Work With Us
Guide to accessing the Centre
The key steps involved in the initiation of a study, incorporation of Centre-specific information into applications for funding and ethical approval, and performance of the study are:
- Contact our CIVI Admin staff with your study expression of interest and a Costings Request form will be provided to you.
- Discuss your project plans with Dr David Cousins or Dr Pete Thelwall, if required.
- If your study is accepted, study costs will be finalised and relevant information provided to you for your ethics application; it is our policy that scanner safety information provided by our MR physics team is incorporated into applications for ethical approval.
- Submit your grant application and ethics application and notify the Centre of successful funding and ethical approval.
- Your study is registered with us once all approvals are in place.
- Schedule your study scans and attend MR safety training, if applicable.

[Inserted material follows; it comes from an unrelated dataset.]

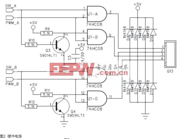 使用该单片机具有PWM功能的PB1和PB2连接PWM_A和PWM_B,使用两个普通引脚连接DIR_A和DIR_B即可实现对电机的控制。原理说明如下:电机的A、/A、B、/B分别对应四输入与门电路的3、6、8、11引脚。在DIR_A和DIR_B为低电平时,门电路的1、9引脚为0状态,三极管Q3、Q4截止,门电路的4、12引脚由于上拉处于1状态,这样,与门电路的3、8输出为0,即A、B为0;此时与门电路的6、11输出与PWM_A和PWM_B保持一致,即/A、/B由PWM_A和PWM_B决定。在其他状态下,也具有同类特点:A和/A之间、B和/B之间的通电极性由DIR_A和DIR_B决定;A和/A之间、B和/B之间的电流大小由PWM_A和PWM_B的占空比决定。而且只要三极管Q3、Q4工作正常,与门电路就不会出现逻辑混乱的情况。

Details of the documents required to undertake scanning at the Centre can be found in steps in launching a study
Key steps in study imitation
The steps are similar for all CIVI facilities
After making contact, we will ask you to complete Costing Request form in which you will need to outline the nature of the study as well as the facilities you need access to. Details of the stages and documents required are outlined in steps in launching a study. The information you provide will allow the CIVI team to establish whether we have the capacity and capability to support your research. You may wish to speak to one of the physicists or clinicians when completing this form. Once capacity, capability and costings have been agreed, you can proceed with the grant application. If successful, we can support study set up, which includes registration at NMRC, research staff induction and safety training, finalising of MRI sequences and the logistics of scan booking, and clinical room use.
Research scans
NMRC works collaboratively with researchers across a broad range of disciplines, conducting clinical and healthy volunteer research.
We would be happy to discuss any research proposal, from novel development to delivery of established protocols. In any project, it is important that we are consulted early so that we can better assist with study design, development, and conduct. It is particularly important that we are involved before the process of ethics application, to support the correct statements regarding safety and radiology reporting for incidental findings.